#### DESCRIPTION OF THE TASK
Could you write out, exactly as they stand, only the lines in the listing below from the line with "This spacious 4" to the line with "Küche und Essbereich: grosse", both ends included, without the pictures?

#### SOURCE DATA
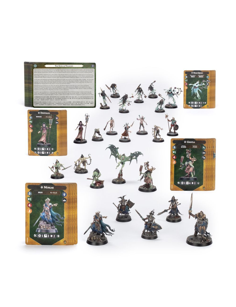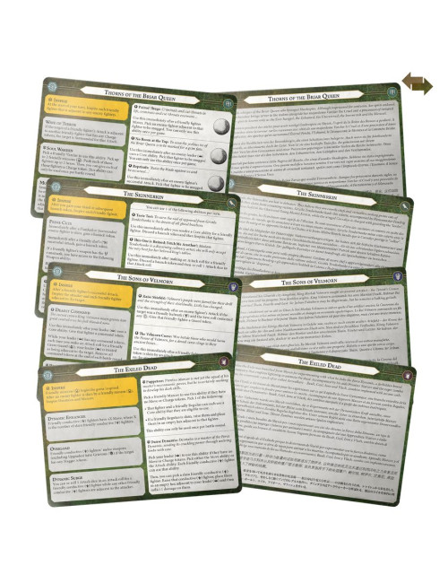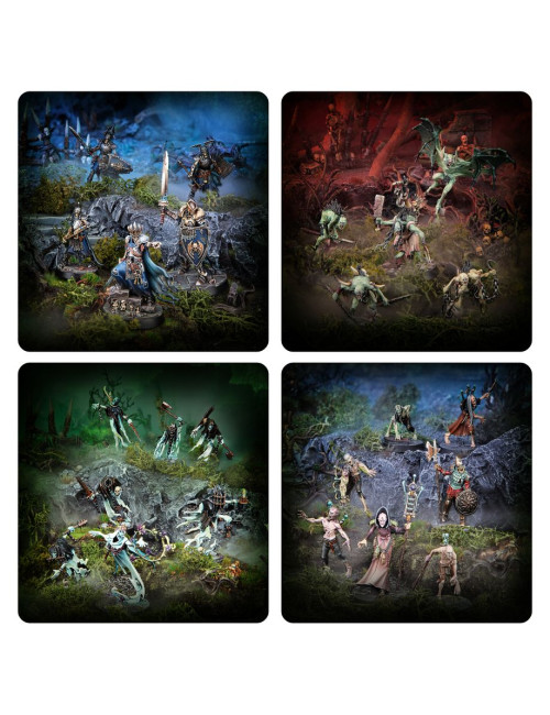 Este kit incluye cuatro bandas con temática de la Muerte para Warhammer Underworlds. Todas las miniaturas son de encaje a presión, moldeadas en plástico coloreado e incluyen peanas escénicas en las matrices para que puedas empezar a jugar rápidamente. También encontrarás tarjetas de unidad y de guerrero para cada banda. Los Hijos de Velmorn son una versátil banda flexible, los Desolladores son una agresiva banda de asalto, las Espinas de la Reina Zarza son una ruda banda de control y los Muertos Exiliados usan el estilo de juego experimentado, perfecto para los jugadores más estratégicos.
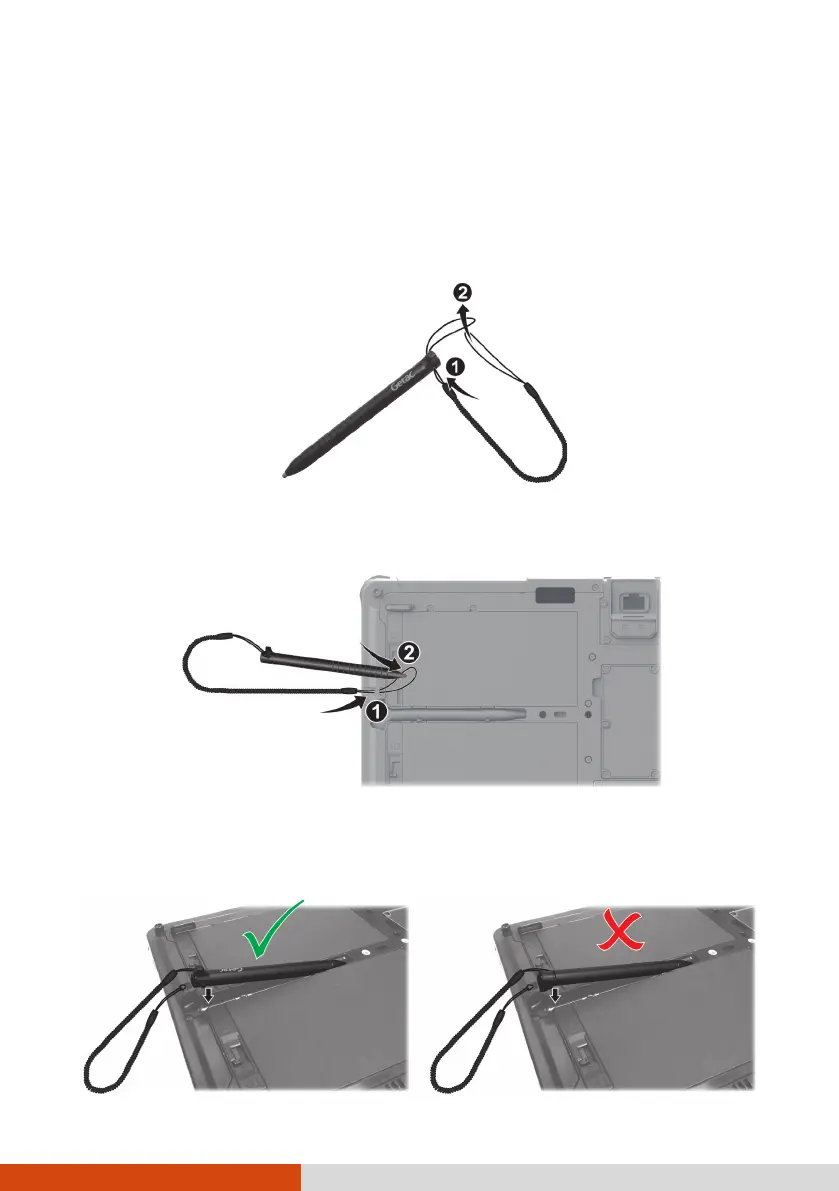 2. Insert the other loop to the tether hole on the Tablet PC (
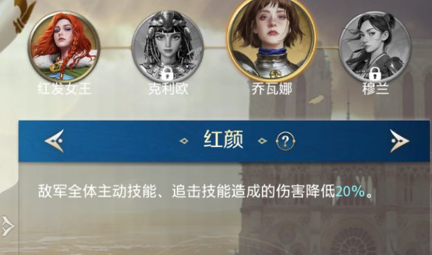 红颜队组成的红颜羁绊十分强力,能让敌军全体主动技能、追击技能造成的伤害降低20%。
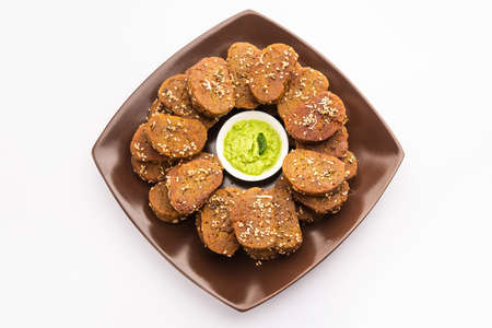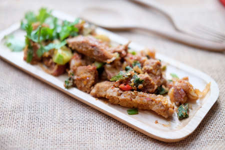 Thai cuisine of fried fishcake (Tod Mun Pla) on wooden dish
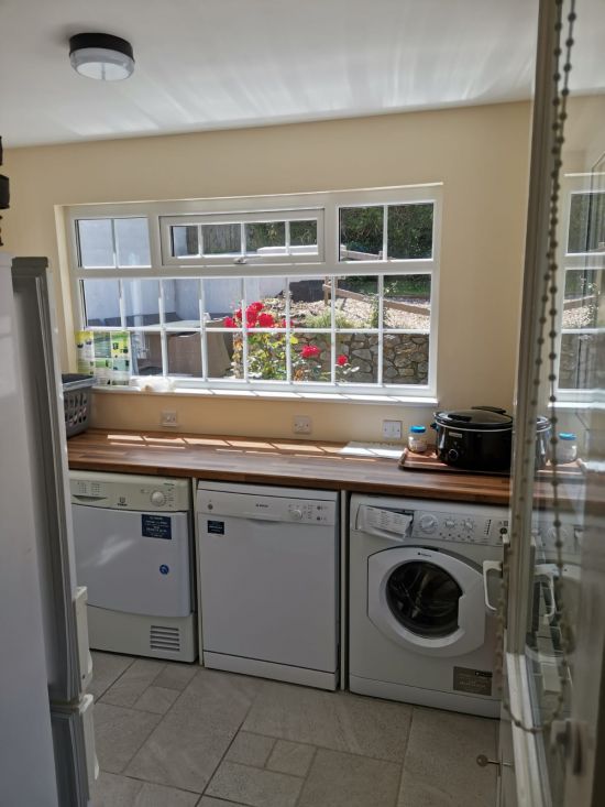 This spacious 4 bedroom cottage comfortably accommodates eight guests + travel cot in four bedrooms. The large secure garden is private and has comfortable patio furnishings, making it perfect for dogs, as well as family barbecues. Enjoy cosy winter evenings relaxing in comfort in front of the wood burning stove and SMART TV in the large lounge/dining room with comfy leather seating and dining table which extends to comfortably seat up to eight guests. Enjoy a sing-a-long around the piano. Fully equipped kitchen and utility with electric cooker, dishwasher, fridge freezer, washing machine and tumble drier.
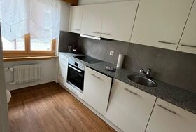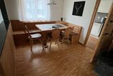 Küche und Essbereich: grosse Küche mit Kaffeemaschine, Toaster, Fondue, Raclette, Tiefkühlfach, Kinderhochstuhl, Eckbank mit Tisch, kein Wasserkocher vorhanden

---

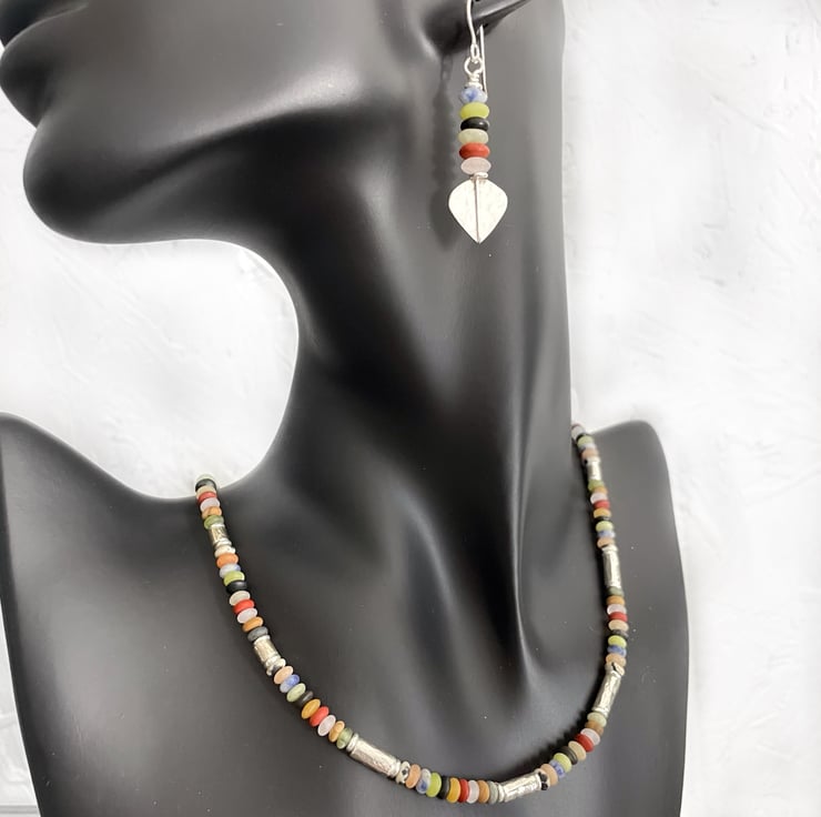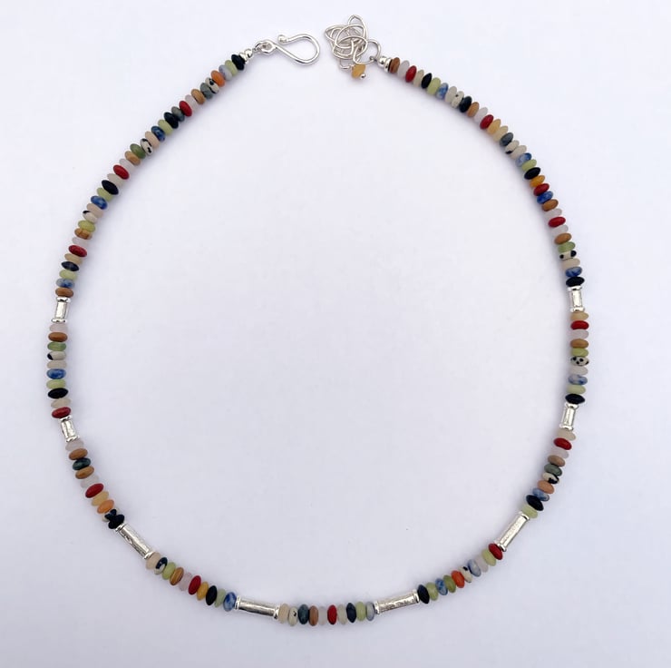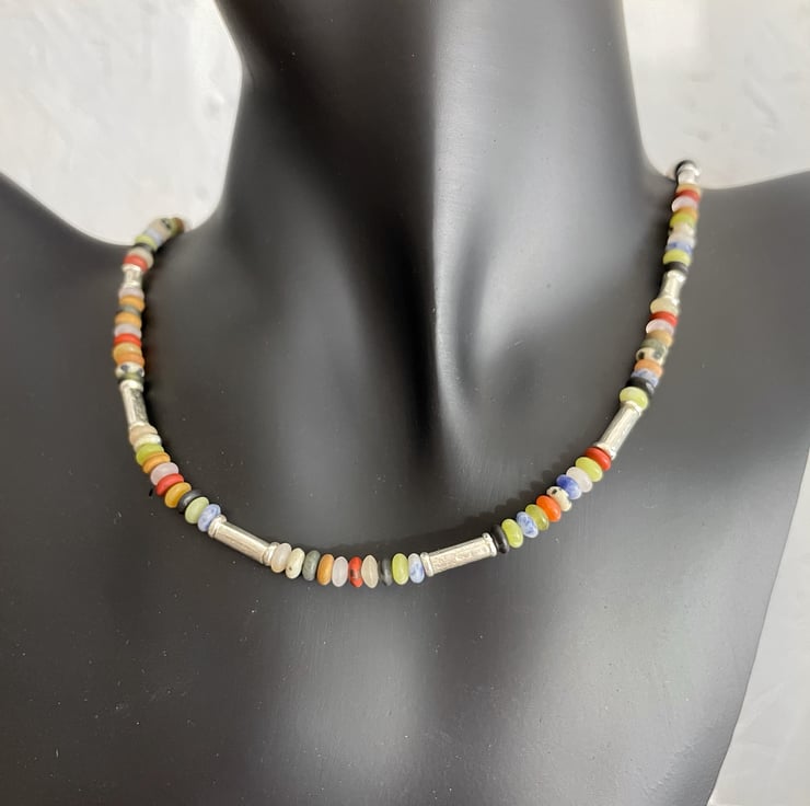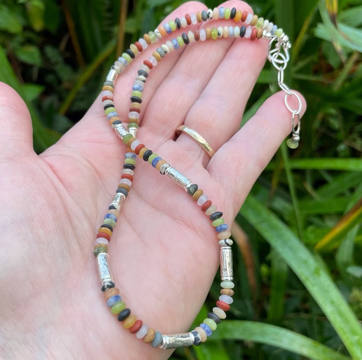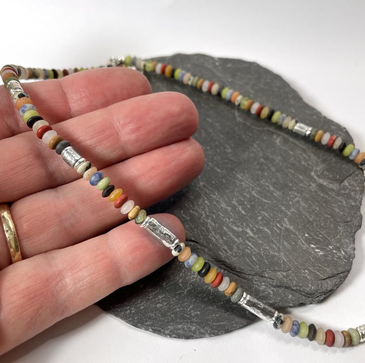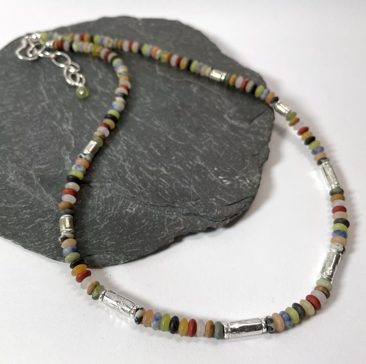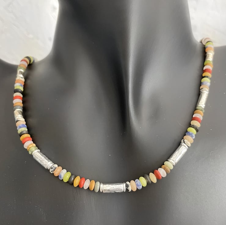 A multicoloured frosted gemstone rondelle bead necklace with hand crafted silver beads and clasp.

#### WRITTEN SOLUTION
 This spacious 4 bedroom cottage comfortably accommodates eight guests + travel cot in four bedrooms. The large secure garden is private and has comfortable patio furnishings, making it perfect for dogs, as well as family barbecues. Enjoy cosy winter evenings relaxing in comfort in front of the wood burning stove and SMART TV in the large lounge/dining room with comfy leather seating and dining table which extends to comfortably seat up to eight guests. Enjoy a sing-a-long around the piano. Fully equipped kitchen and utility with electric cooker, dishwasher, fridge freezer, washing machine and tumble drier.
 Küche und Essbereich: grosse Küche mit Kaffeemaschine, Toaster, Fondue, Raclette, Tiefkühlfach, Kinderhochstuhl, Eckbank mit Tisch, kein Wasserkocher vorhanden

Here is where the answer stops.